Живем мы на Большой Покровке, главной улице Нижнего Новгорода. Сейчас она, вероятно, называется по-другому. Да и Нижний давно не Нижний Новгород, а Горький. Как-то не довелось мне побывать в нем. Жалею ли? Да не знаю. Как будто - нет.
Мой город дорог мне, мил и люб таким, какой был при разлуке - почти полвека назад: высокотравные берега, мягкий деревянный мост через Волгу, булыжные съезды, окаймленные по весне и в осень пенистыми ручьями. Город не высокорослый, не шумный, с лихачами на дутых шинах и маленькими веселыми трамвайчиками - вторыми в России. Они побежали по городу из-за Всероссийской выставки.
Выставка в Нижнем!
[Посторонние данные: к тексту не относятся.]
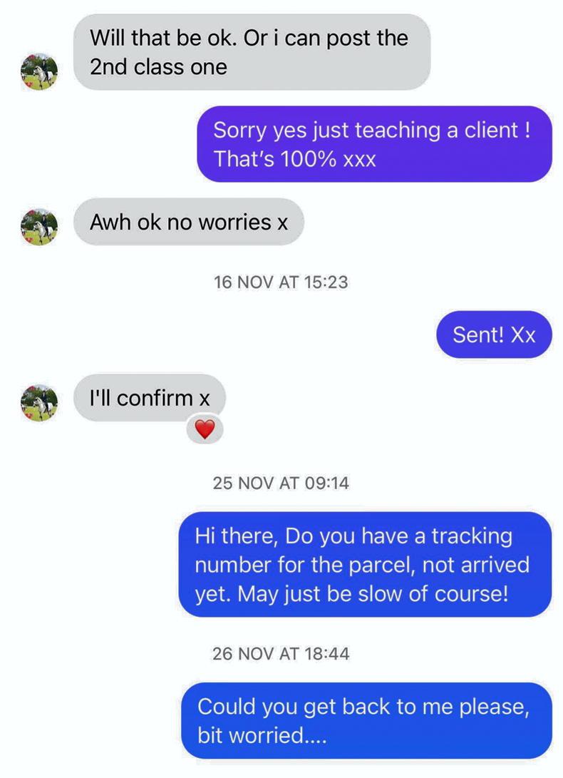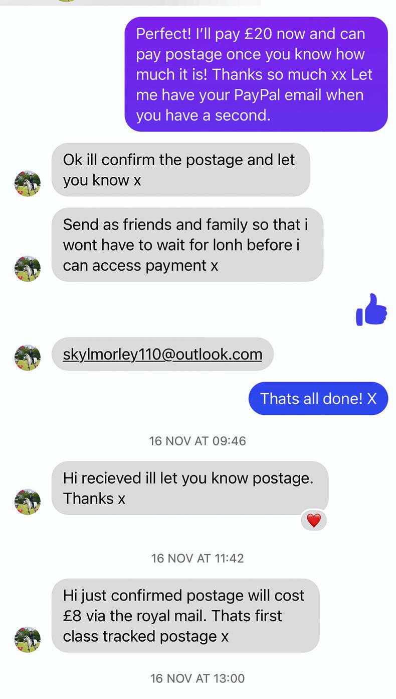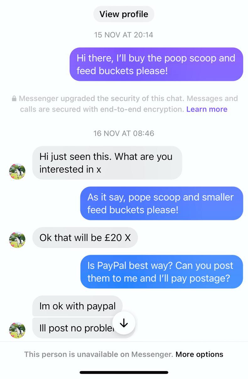 Amid my state of relaxation, my eyes lit up when I saw a stack of said plastic trugs for sale on a local equestrian Facebook site. Nice profile of a woman and her child, very low-key “tack room clear-out” post with a handful of used items for sale: the feed buckets, a poo picker, some hay nets and a couple of other bits and pieces. I thought nothing of it, messaged the woman and she got back to me in a very casual friendly manner and, within a few minutes, I’d paid for my buckets and a poo picker and agreed the £8 postage fee. £28 in total, no big outlay, nice lady, postage confirmation received, done and dusted.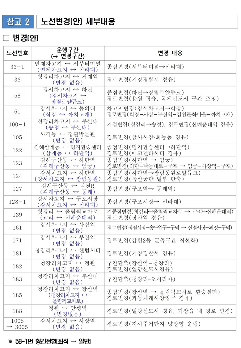 총 40개 노선을 대상으로 하며, 6개 노선 신설, 20개 노선 변경, 8개 노선 폐지, 기타 6개 노선을 조정한다. 변경 및 폐지된 노선에는 대체 노선 공급 또는 수요응답형 교통(DRT) '타바라' 운행을 통해 시민 불편을 최소화한다.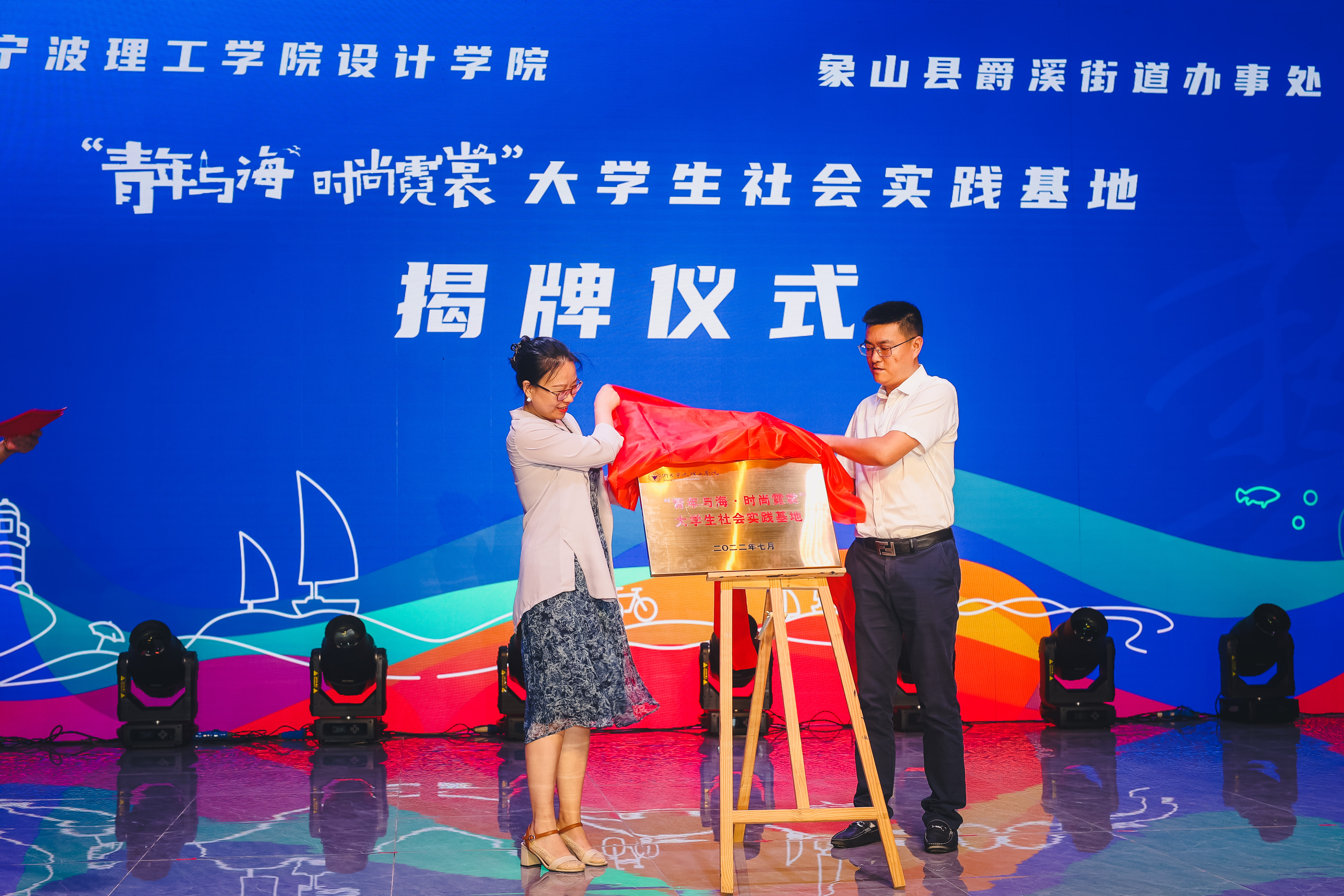yl永利集团官网登录设计教工党支部书记王萍与爵溪街道党工委副书记戴耿毅共同为实践基地揭牌

Трамвай! Приезд царя! Губернатор Баранов, скакавший на белом жеребце высоких арабских кровей! Губернатор сидел в своем английском седле "наоборот", то есть лицом к лоснящемуся лошадиному крупу. "Почему так?" - спросите вы. Да потому, что скакал губернатор впереди императорской коляски. Не мог же он сидеть спиной к помазаннику Божию!
Вспоминая в своем кругу исторический для Нижнего Новгорода год, мама всегда говорила:
- В 1897-м и наш Толя родился. В ночь под Ивана Купала. Когда цветет папортник и открываются клады.
Для нее, конечно, из всех знаменательных событий того года мое появление на свет было наиболее знаменательным.
Нижний! Длинные заборы мышиного цвета, керосиновые фонари, караваны ассенизационных бочек и многотоварная, жадная до денег, разгульная Всероссийская ярмарка. Монастыри, дворцы именитого купечества, тюрьма посередке города, а через реку многотысячные Сормовские заводы, уже тогда бывшие красными. Трезвонящие церкви, часовенки с чудотворными иконами в рубиновых ожерельях и дрожащие огоньки нищих копеечных свечек, озаряющих суровые лики чудотворцев, писанных по дереву-кипарису. А через дом - пьяные монопольки под зелеными вывесками.
Чего больше? Ох, монополек!
Пусть уж таким и останется в памяти мой родной город, мой Нижний. Пусть!
Не хочется мне видеть озорных друзей и звонких подруг моего отрочества. Я ведь помню их в юбочках до колен и с бантиками в пышных косах. Зачем же им, этим моим первым, вторым, третьим и четвертым любовям толстеть, седеть, морщиниться и ковылять? А они теперь, разумеется, ковыляют. А некоторые, пожалуй, и отковыляли.
Жизнь!
Итак, мы живем на Большой Покровке, неподалеку от каланчи, выкидывающей красный шар, когда пожар в ее части.
Сын дворника, шестилетний Митя Лопушок, полный день гоняет по тротуару железный обруч от развалившейся бочки.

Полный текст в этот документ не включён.